Our social, economic and environmental systems are connected across local, regional, national and global scales and are structured and designed to work together as a whole. We need to pay more attention to the intersection and interdependencies across these systems as many elements are not currently configured or calibrated to deal with the nature and scale of a rapidly changing climate and extreme events.
There is limited knowledge or understanding, not only among decision-makers but also the public, of how these complex and highly dynamic systems interact and the cascading impacts when one or other part of the system fails or is disrupted. There is also little knowledge about the patterns within them that can build resilience and reduce vulnerability, including the common practices for risk transfer used by institutions and carried across generations.

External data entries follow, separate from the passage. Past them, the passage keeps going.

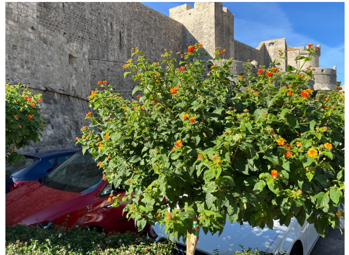
Huge Lantana “trees” in Tuscany - yep those are cars next to it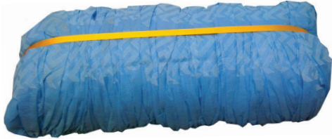
Bundle of Booties

Shoe Cover Refills for: KineticButler Automatic Shoe Cover Dispensers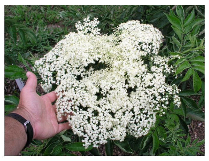
Harvest elderberry blossoms when all flowers are open.

Elderberry fruit harvest takes place in late-July, August, and early-September. At present the Missouri elderberry crop is harvested by hand. Entire cymes are clipped and harvested when all berries are fully colored. The cymes on the current season's shoots ripen several days later than cymes on older wood. Plants that were pruned to the ground the previous winter will usually ripen fruit over 2 to 3 weeks, whereas plants with shoots of mixed age will ripen over a 3 to 4 week period.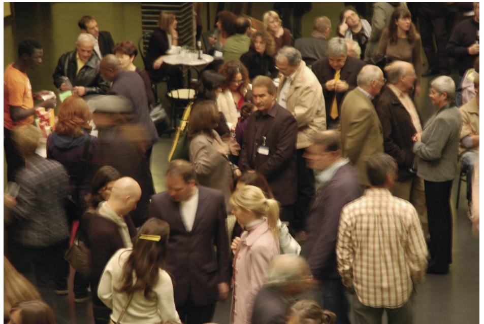
The PRIX EUROPA participants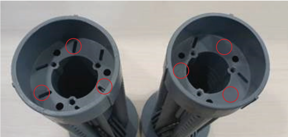
Ports that were not in use were removed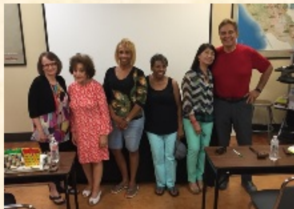
CCAG Board at July Meeting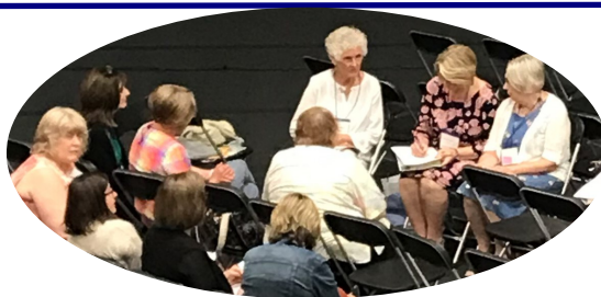
One of several discussions groups during WMF Day 2021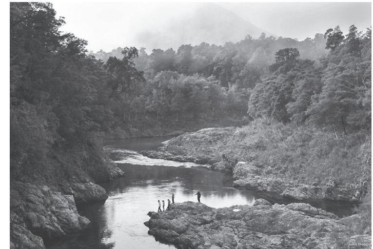
Magical setting: West of the town of Blenheim, the Pelorus Bridge Scenic Reserve is the perfect place for a picnic or a spot of trout fishing. In summer, the river might tempt visitors for a cooling swim.

Tourism New Zealand and Air New Zealand will also look to promote hiking in New Zealand including the world-famous Great Walks of New Zealand. Air New Zealand with the Department of Conservation have recently held a Great Walker competition (hike the nine Great Walks in New Zealand over nine weeks) and one of the four winners picked globally was Japanese. He leaves for New Zealand next month and we will all be watching his adventure unfold with keen interest and some degree of envy!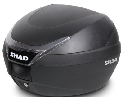
D0B34100 - Case without cover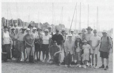
The family walk group photo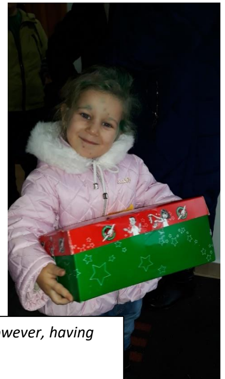
This girl was very naughty during the service. However, having received a gift, she calmed down and smiled.

The Department of Home Affairs, National Resilience Taskforce partnered with CSIRO to ground the project in social science methods and create a solid evidence base to inform key findings. Working with a multisector project team and advised by a panel of academic scholars a series of Deconstructing Disaster workshops were co-hosted by Home Affairs and South Australia, Queensland, Western Australia and the Northern Territory. The CSIRO team created and facilitated a bespoke workshop approach to gathering and curating the data.
Deconstructing disaster events and mapping cause-andeffect flows were used to provide a way to diagnose the root causes of vulnerability, consider the different values that are prioritised or traded off and identify points of intervention that can inform new pathways to resilience. A report that consolidates the thoughts and experiences of over 200 workshop participants about the ways people and systems are vulnerable when emergencies and disasters happen is nearing official release. The report distils the project findings into narratives that people can interact with, including:
- how we build and where we place people, homes, infrastructure and assets
- how essential goods and services are accessed and supplied
- the type of health care system we have
- how we share information and communicate
- how we identify and manage what is at risk, and
- how values shift with changing circumstances.
The purpose of this work is to promote discussion, provide ways to talk about the complex systems that support livelihoods and draw attention to how values influence decisions and how those values shift with changes in circumstances. The work informs proactive, integrated planning and action.
The project intentionally speaks to vulnerability; the least understood dimension of disaster risk and to frame the problem in a way that connects with and mobilises our collective efforts. Engaging one another early and often will help identify synergies with existing work, create links to other aligned projects, provide advice and guidance and potentially collaborate on solving other complex national challenges. In this way we will collectively invest in resilience by re-imagining and better connecting existing activity, resources and investment streams.
Australia will face extreme events in the future and these events will adversely impact the nation. Understanding where we are vulnerable allows vulnerability to rise as a strength and lies at the heart of building resilience and prosperity. Successfully living with natural hazards requires a systemic, cross-discipline, collaborative and inclusive approach to being better prepared.